Lucas Paquetá foi direto ao explicar por que voltou ao Flamengo: “Na minha cabeça, quando eu decidi voltar era para estar feliz e me sentir bem.” A frase resume a decisão do meia de retornar ao Mais Querido após uma trajetória turbulenta na Europa pelo West Ham, clube que ainda detém seus direitos contratuais até 2028.
A declaração ganha peso em um momento em que o jogador experimenta uma retomada profissional. Titular na estreia da Seleção Brasileira contra Marrocos na Copa do Mundo, Paquetá reforçou que o retorno não foi uma passagem temporária, mas uma busca genuína por recuperar o bem-estar que havia perdido durante sua permanência no futebol inglês.
“Eu queria estar me sentindo bem depois do que passei ali”, completou, associando a mudança ao desejo de superar o período difícil vivido na Europa. A frase revela mais do que um placar emocional: expõe a prioridade que o jogador colocou na estabilidade mental como fundamento para o desempenho.
De volta ao Mengão com números positivos
Desde que retornou ao Flamengo, Paquetá acumula 24 jogos e oito gols pela segunda passagem. Os números refletem uma recuperação consistente, ainda que o jogador tenha deixado claro que o retorno foi motivado por razões que transcendem as estatísticas.
Ao falar sobre o que espera daqui para frente, o meia projetou um futuro onde a felicidade pudesse se converter em criatividade dentro de campo. “Eu sabia que meu momento ia chegar de encontrar a felicidade, colocar a bola no chão e fazer as coisas acontecerem”, disse, conectando o bem-estar ao desejo de retomar seu melhor futebol no Mengão.
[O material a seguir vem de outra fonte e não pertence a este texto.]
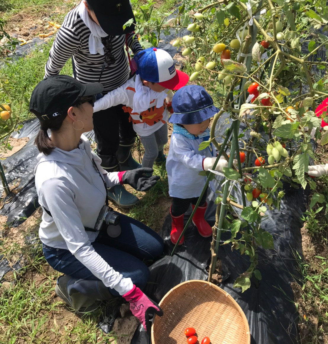 東京から遊びにきた友人の家族と共に野菜の収穫

A declaração ocorre em um contexto favorável à Nação rubro-negra. Paquetá conquistou titularidade na Seleção Brasileira sob o comando do técnico Carlo Ancelotti, consolidando seu papel no esquema do time nacional. Na Copa do Mundo, o jogador marca presença como um dos meios-campistas de referência do Brasil, reforçando sua importância tanto para o clube quanto para a seleção.
Passagem conturbada e decisão de voltar
A trajetória de Paquetá pelo West Ham foi marcada por altos e baixos. Apesar do contrato longo com o clube inglês até 2028, o jogador optou por retornar ao Flamengo, demonstrando que questões como estabilidade emocional e ambiente favorável pesaram mais do que vínculos contratuais internacionais.
Essa decisão revela um aspecto frequentemente negligenciado nas transferências internacionais: o peso do bem-estar no desenvolvimento do atleta. Paquetá não escolheu apenas um novo destino, mas buscou recuperar um lugar onde pudesse se sentir bem — e essa busca parece estar surtindo efeito.
Com a convocação para o Mundial, o meia entrou em campo como titular na partida inicial da Seleção Brasileira, validando seu retorno e consolidando a recuperação que começou quando decidiu deixar a Inglaterra. A presença dele no meio-campo do Brasil comprova que a aposta no bem-estar como ferramenta de desenvolvimento foi bem calculada.